If the choice of the trade device used by the defendants was innocent and not copied from the name used by the plaintiffs, yet it appears, and the master has found, that after notice given to them that their continued use of it was wrongful, because of the fact that it was an imitation of the plaintiffs' trade mark, they still allowed their names to appear in the same form of advertisement, and continued to sell their preparation without any change of name, shape or label. Such conduct of itself affords strong presumptive evidence of fraud. Orr v. Johnston, 13 Ch. D. 434. And their acts from that time at least must be considered as a direct and intentional infringement. New England Awl Needle Co. v. Marlborough Awl Needle Co. 168 Mass. 154. American Waltham Watch Co. v. United States Watch Co. 173 Mass. 85. Flagg Manuf. Co. v. Holway, 178 Mass. 83. Viano v. Baccigalupo, 183 Mass. 160. Upmann v. Forester, 24 Ch. D. 231. Manhattan Medicine Co. v. Wood, 108 U.S. 218.
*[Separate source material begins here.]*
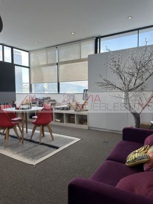 Área social con muebles empotrados en maderas finas y bufetero con cubierta en cuarzo, integrada a un jardín de aproximadamente 50m2.

Although the master has decided that the plaintiffs have nob yet suffered any monetary loss, equity interferes when title and successful imitation have been established to prevent the impairment or destruction of the right itself, notwithstanding it may also be found that the reputation and use of the plaintiffs' remedy may be confined to a relatively small section of the State when compared with the field occupied by the defendants, and probably is less widely known and sold, and much inferior to their specific in popularity. Such a disparity in volume of trade, or in reputation, if held to be decisive as a limitation of the extent to which relief should be granted, affords no opportunity ordinarily for the organization and development of a business, though founded on a valid trade mark, where from a small and feeble beginning, if not subjected to unlawful interference by rivals, it may become a large and profitable enterprise, which the owner has a right to foster and establish. For the injury suffered in such a case is the same in kind, though it may differ in degree. Shaver v. Shaver, 54 Iowa, 208, 210, 212.
While the public are deceived and buy the spurious production in the belief that the imitation is the original article, yet the jurisdiction to award an injunction may well rest on the ground, that where a substantial business has been built up, the output of which has become known to buyers under a designated device or name, such designation, when lawfully established, whether treated technically as a trade mark or trade name, is property in the same sense as the instrumentalities which the owner uses in making the specific thing that he vends in the market in this form. So that the proprietor of such a trade product, if another without authority uses similar devices intending to represent by them that the goods are identical, is entitled to protection from this wrongful and fraudulent appropriation of his property. Weener v. Brayton, 152 Mass. 101. Bradley v. Norton, 33 Conn. 157. McLean v. Fleming, ubi supra. Hall v. Barrows, 32 L.J. Ch. (N.S.) 548, 551. Millington v. Fox, 3 Myl. Cr. 338.
As the plaintiffs have made out a case, they are entitled to an injunction to prevent and restrain further interference with the use and enjoyment of their property, and the defendants' exception to the master's report must be overruled and the report confirmed.
Decree for the plaintiff's accordingly.